Selection of Data Sources. To serve both video understanding and video generation tasks, we consider the aesthetic quality and content complexity of videos during our collection process. We first consider Panda-70M [12], a high-resolution video dataset sourced from YouTube, featuring clips ranging in one minute. This open-domain source covers diverse areas such as wildlife, cooking, sports, news & TV shows, gaming & 3D rendering. It typically includes complex content and transitions, providing a solid foundation for understanding various real-world scenarios. However, the complexity of these contents and transitions presents a significant challenge for the video generation field. To address this, we also source a large volume of aesthetically appealing videos from some user-uploaded video websites [48, 49, 43]. These videos predominantly consist of scenic views and aesthetically pleasing human activities, involving fewer transitions and simpler events.Finally, we supplement our collection with selected videos from Ego4D [18] and BDD100K [66] to fill the gaps in ego-centric human activities and auto-driving scenarios, ensuring our video sources encompass as many real-world scenes as possible.

Semantic-Based Data Filtering. Although our captioning method can support videos of extended lengths, our collection primarily focuses on videos shorter than two minutes due to the trade-off of the duration and amount of videos. We initially filter out videos from our selected data sources longer than two minutes, leaving videos in two minutes as the candidates. We then introduce a semantic-based data filtering strategy to mitigate content hom*ogeneity among these candidates and maintain diversity in the final video dataset. This approach aims to select videos with significant thematic differences from the pool of candidates to compose our final video collection.Specifically, we first use the Panda-Student [12] model to generate a short caption with one sentence for each candidate video, and then maintain a final pool of video candidates. Whenever a new video $V$ is processed, we encode its corresponding short caption $S$ using the Bert-Base-Uncased [15] language model to obtain the CLS token $P_{n+1}\in{\mathbb{R}^{1\times D}}$ , which captures high-level semantic expressions. We then calculate the similarity between this CLS token $P_{n+1}$ and the CLS tokens $\left\{{{P_{1}},{P_{2}},\ldots,{P_{n}}}\right\}$ of videos already in the final candidate pool. A new video will only be added to the pool if its maximum similarity is below a predefined threshold. We provide the pseudo-code in Figure 14.

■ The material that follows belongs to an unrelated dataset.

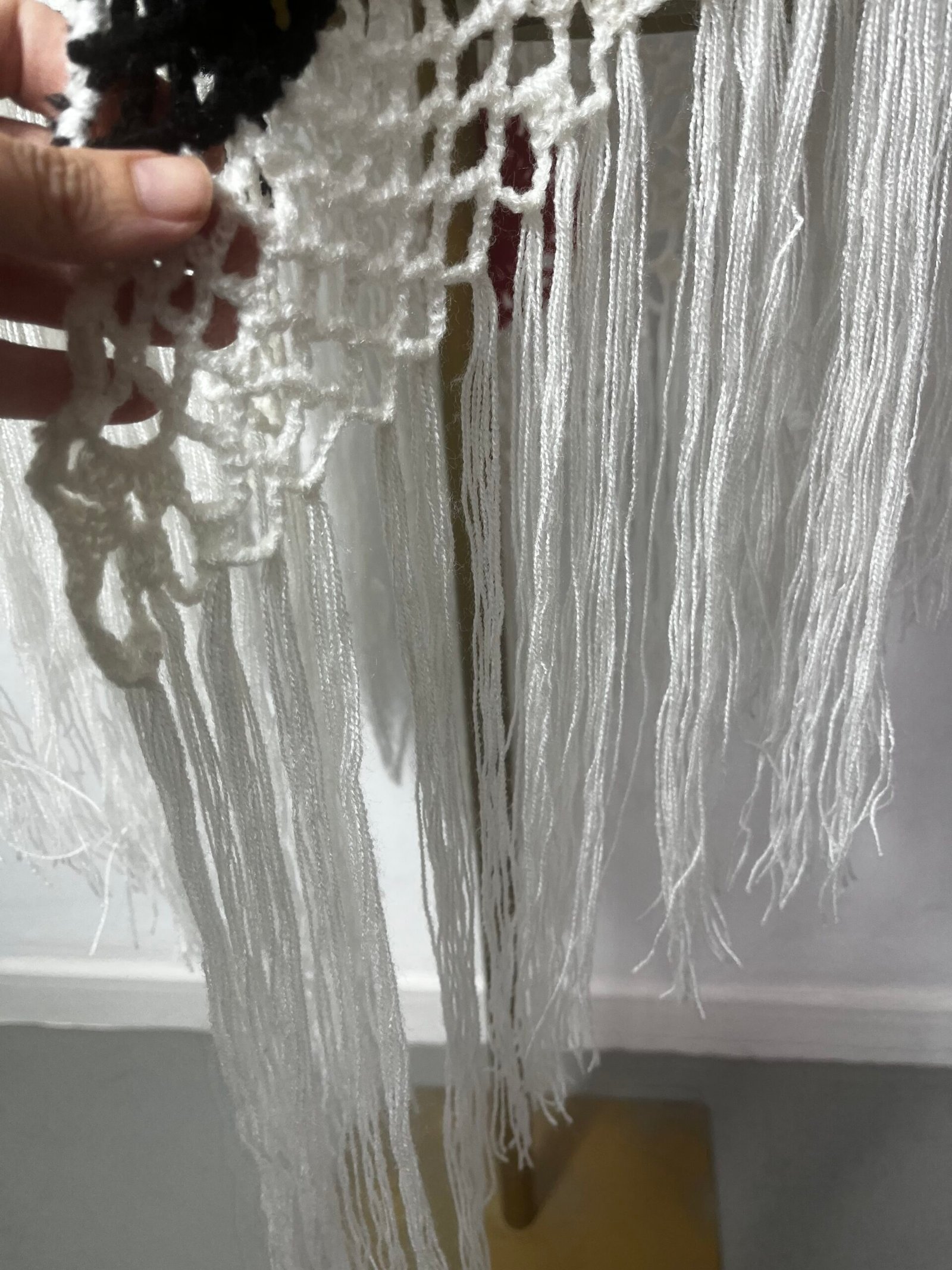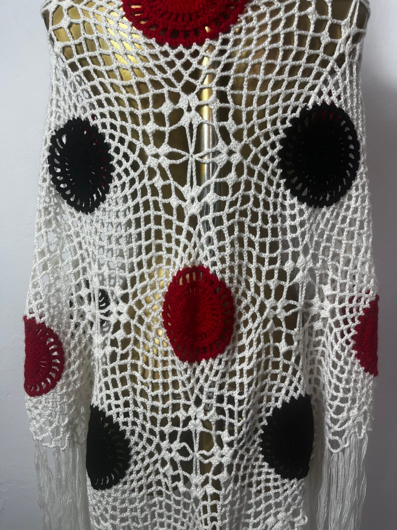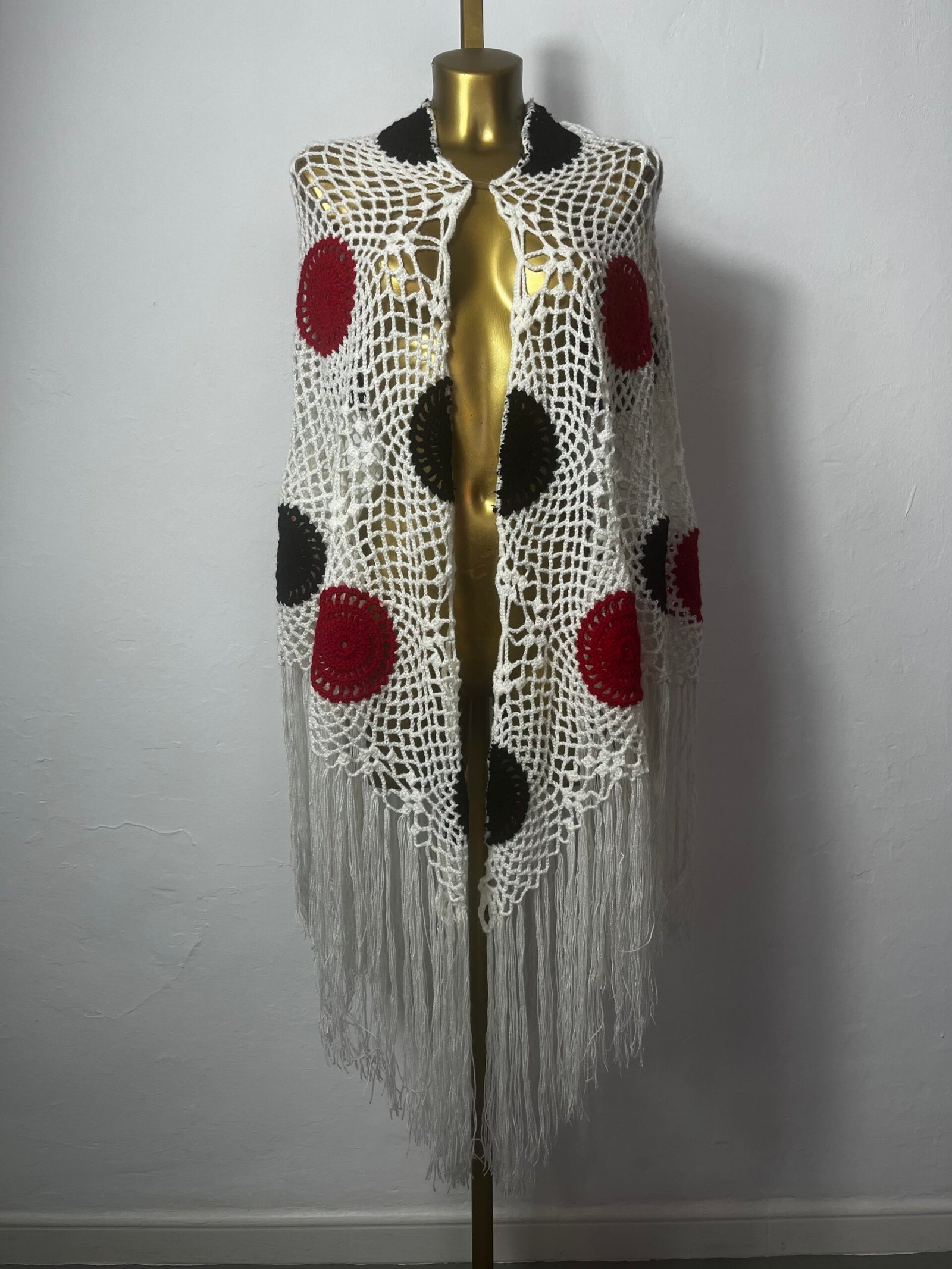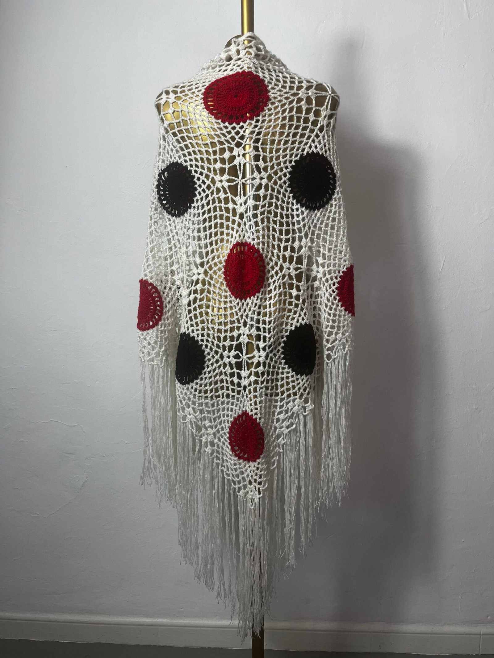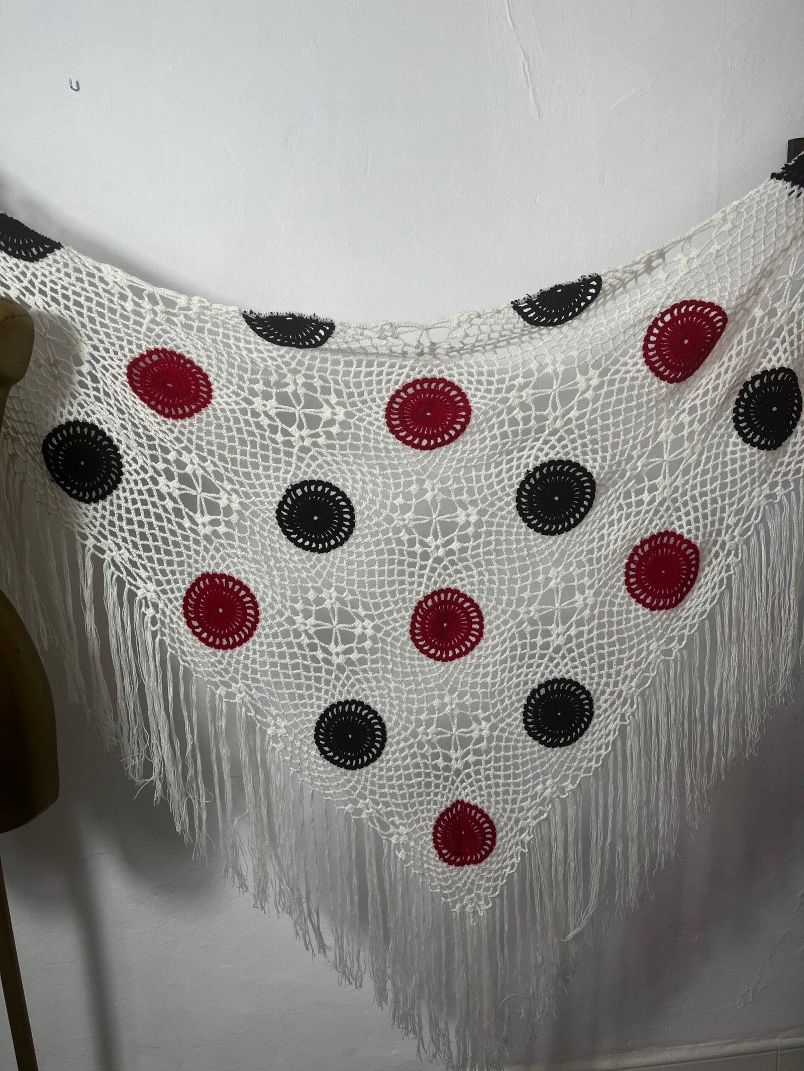 Mantón vintage, hecho a mano, con aplicaciones circulares en negras y rojas, unidas a ganchillo en blanco. Flecos largos.

ShareGPT4Video: Improving Video Understanding and Generation with Better Captions (2)

2.2 Video Processing

Videos are commonly redundant on the temporal dimension, and keyframe sampling is a general idea to represent a video compactly.However, traditional key-frame extraction methods [74, 5] often struggle to ensure semantic coherence, leading to missing key-frames covering crucial changes and transitions. Consequently, we develop a semantic-aware key-frame extraction method that strikes a balance between reducing temporal redundancy and maintaining semantic coherence.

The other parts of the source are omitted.